Elliot Leavy: One thing that has always stuck out in my mind is the generational difference in privacy concerns. Gen Z have privacy concerns very, very low down their list of concerns for the future. Is this because of circumstance? Or a reflection of the wider economic climate or even just their upbringing in a data-driven landscape? Will this even be an issue in 20 years time?
Ansgar Koene: Throughout my work and especially with regard to data privacy, there's always been this paradox between people claiming that they have a huge interest in concerns around privacy versus how they're actually performing and sharing their data. So perhaps one element is just aligning these things.
But a useful perspective — which comes from Cansu Canca, the founder and head of the AI ethics lab — is when we are talking about AI principles there are two different types. First there are what we can call core principles, and then secondly there are instrumental principles.
So instrumental principles are basically just things that we're interested in not for their own sake, but because they help us achieve the core principles. And so privacy is actually not a core principle, but an instrumental principle. We are interested in privacy not so much for the sake of privacy but in order to make sure that we maintain our own agency and maintain dignity.
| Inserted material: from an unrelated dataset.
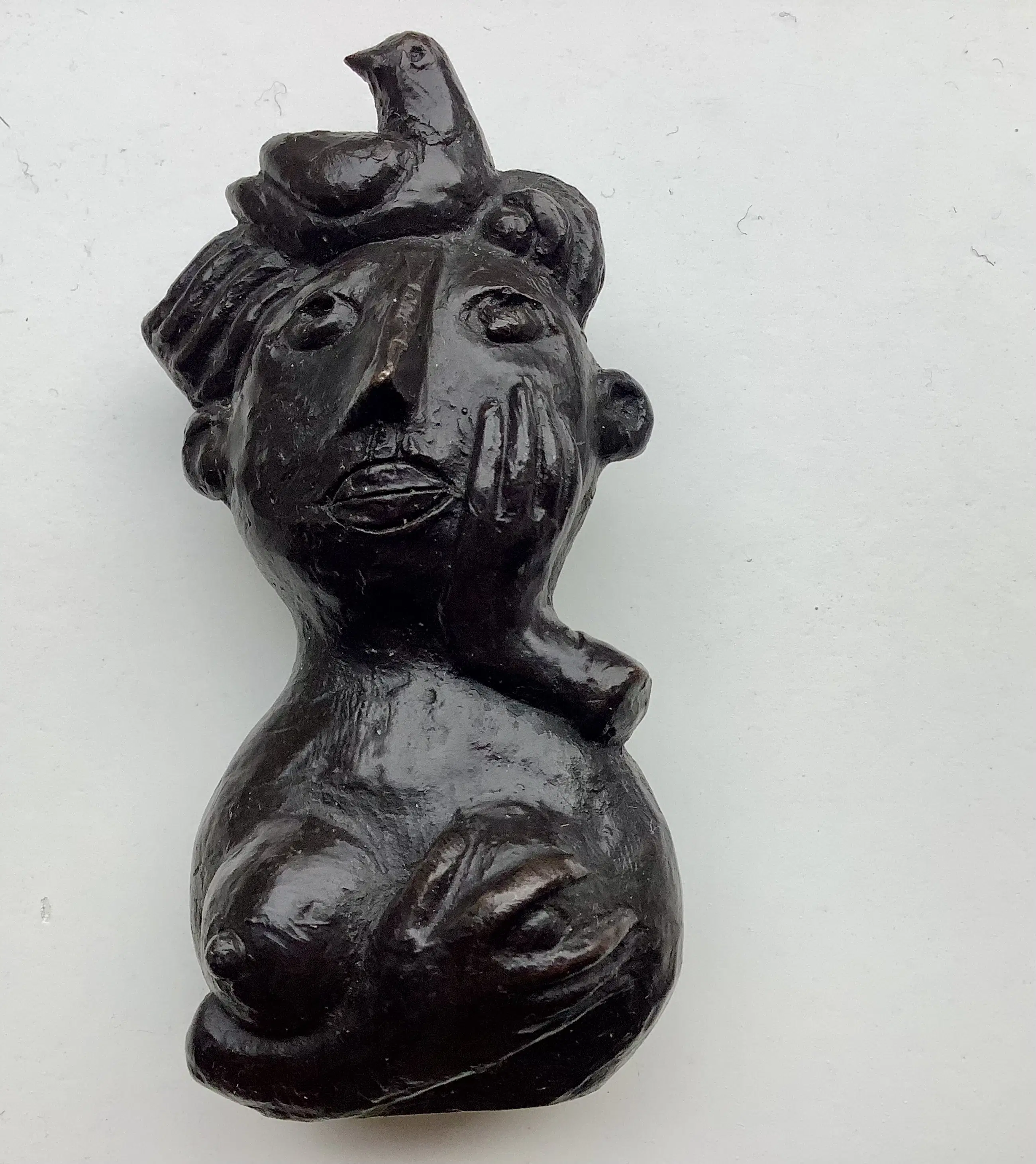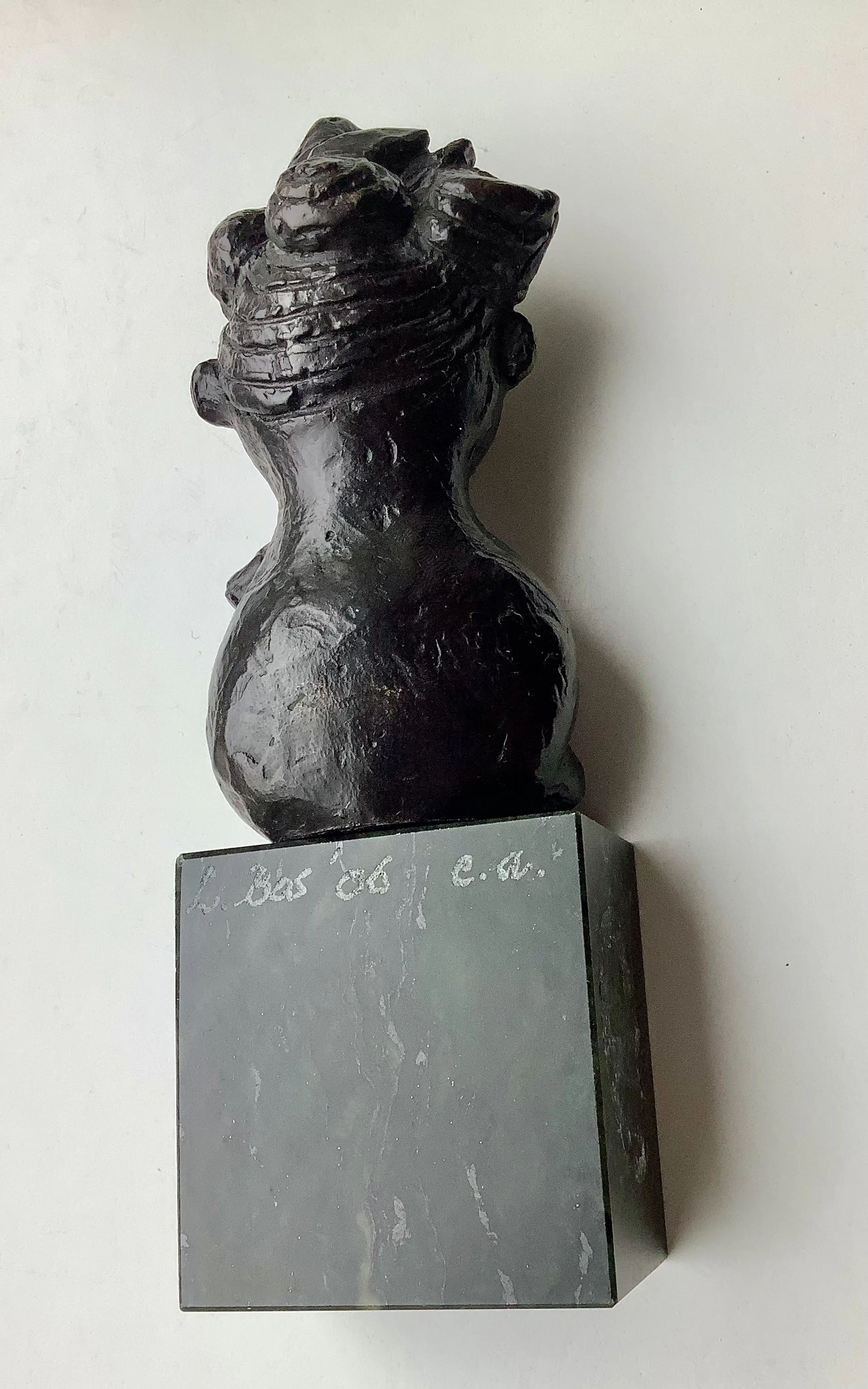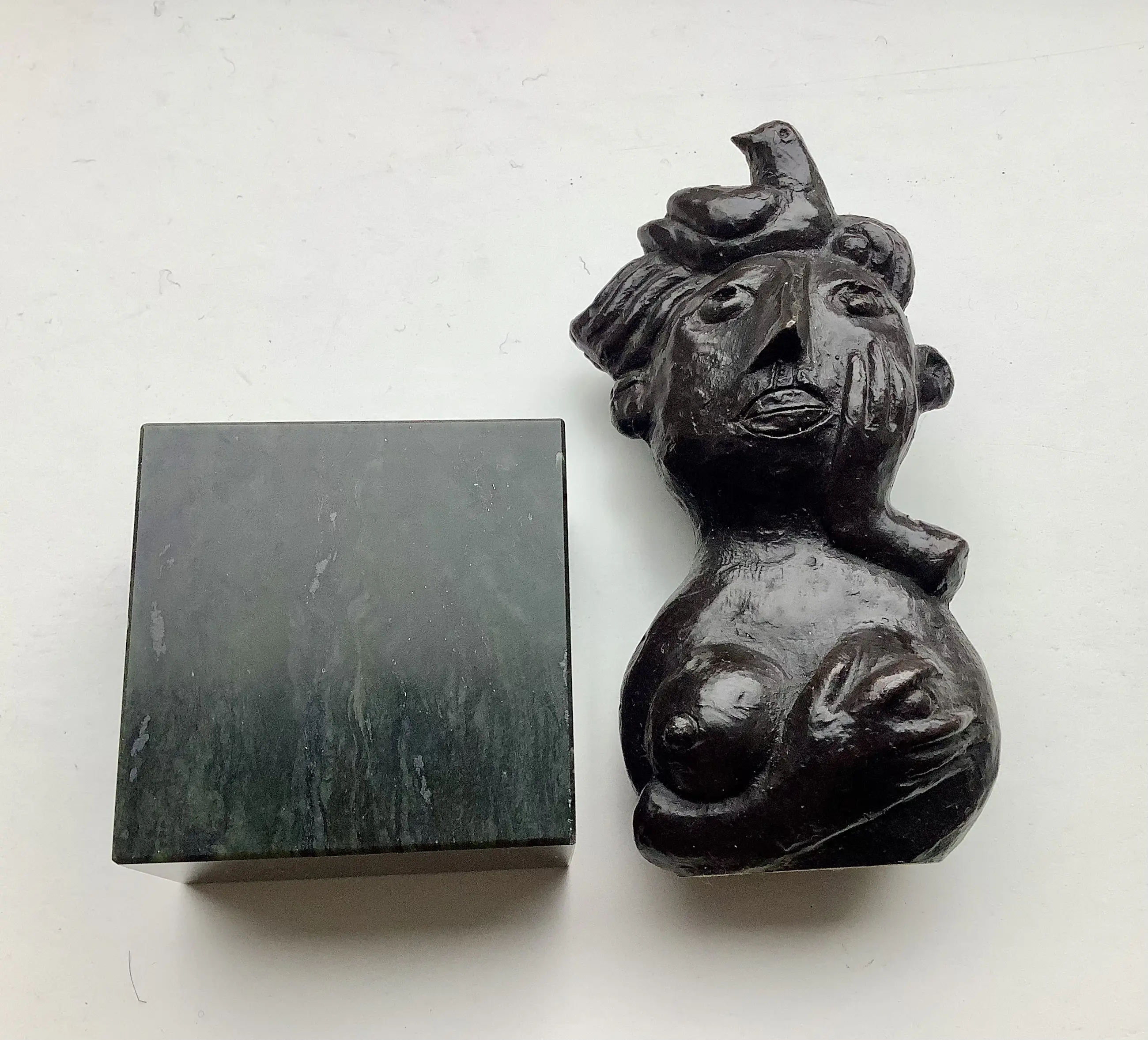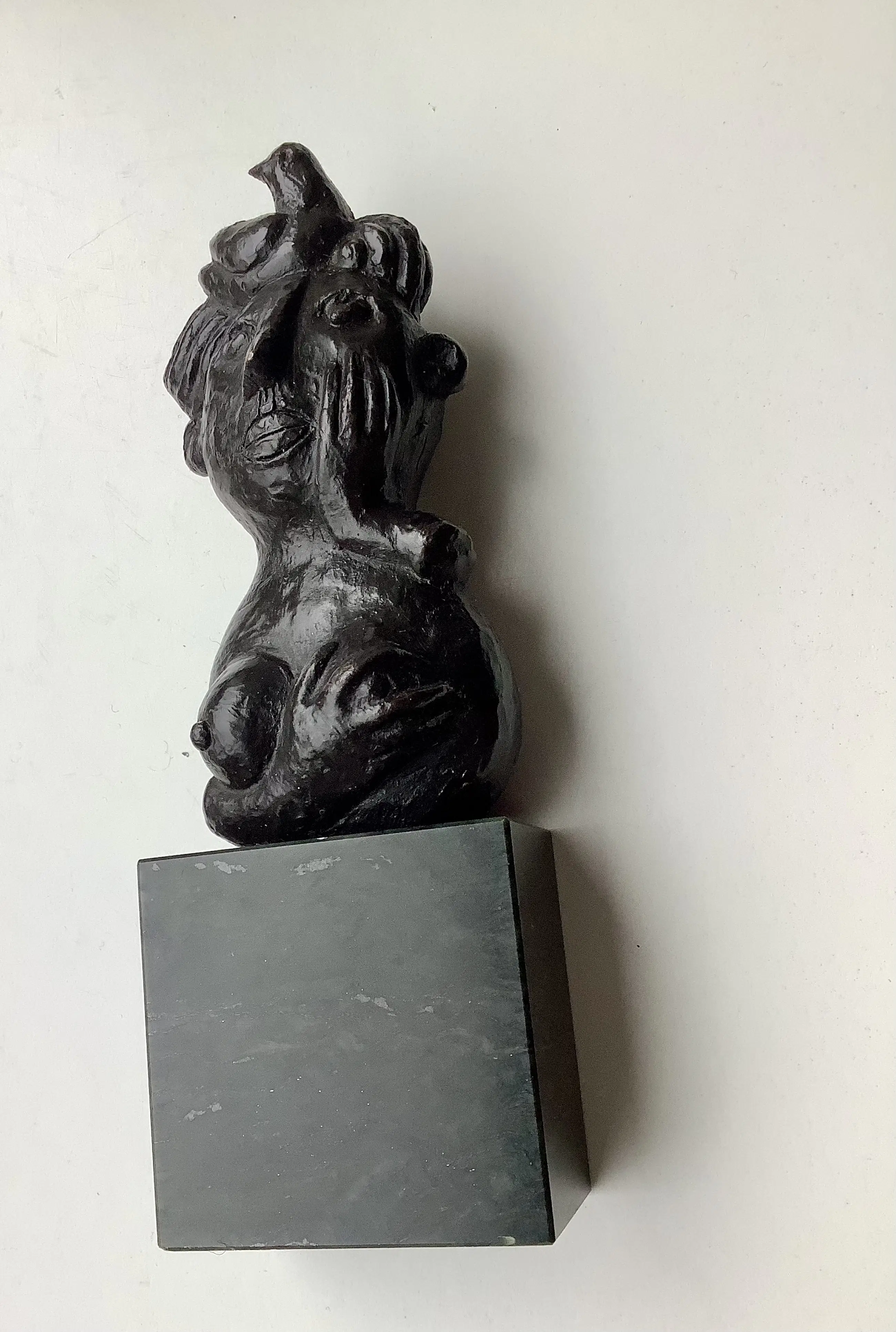 Typerende sculptuur van Loek Bos. Vrolijk beeldje. Sokkel 5 x 5 x 3 cm. Sculptuur 10 cm. hoog.

It is agency and dignity that are the core principles, and so privacy is a means to that end. So one question could be perhaps they're seeing that there are other ways of achieving better agency or maybe it is a if they do not give up their privacy it will cost them their agency: try living your life with all of the privacy settings on your phone turned on — the chances are this will remove you from access to most apps on your phone, and suddenly you will won’t even be able to use your GPS to navigate the world.
So there's trade-offs are constantly something that we are always engaging with, either with technology or be it with other people also of course, we've always been doing this. But even if people say they are they're more willing to do some data sharing, that doesn't mean that if they get a sense that you're collecting data for purposes that aren't actually going to lead to doing the service that you're going to do for them that that isn't going to degrade the trust relationship and their willingness to engage with you.
Of course, another element in this digital space, and one of the drivers for regulators to step in has also been the fact that we have this ‘winner take all’ dynamic. Once you become a leader platform in a certain space it means you attract more people and so a lot of the services work because there are people there already — you wouldn’t use a social media platform with no-one else on it. So you've got this reinforcing loop which leads to a ‘winner take all’ kind of dynamics. But the winner take all dynamic means that traditional marketplace competition as a way for ensuring that people get services of the right kind of type no longe works, because confronted with the idea that if this online market is collecting my data and doing things that I don't actually agree with I am unable to switch a different marketplace that marketplace cannot provide any of the services I actually want.
So you are pushed into giving up more and more of the things that you actually didn't want to give up in return for a service you might not ethically agree with, and so understandably this increases the mental friction of engaging with it — yet you still have to use it because there is no other option. This is why now regulators are saying that this is not in the benefit of our citizens, and so increasingly businesses are having to prove that the data they are collecting is actually being used for the reasons it stipulates, and explainable AI is ultimately the only way to do that.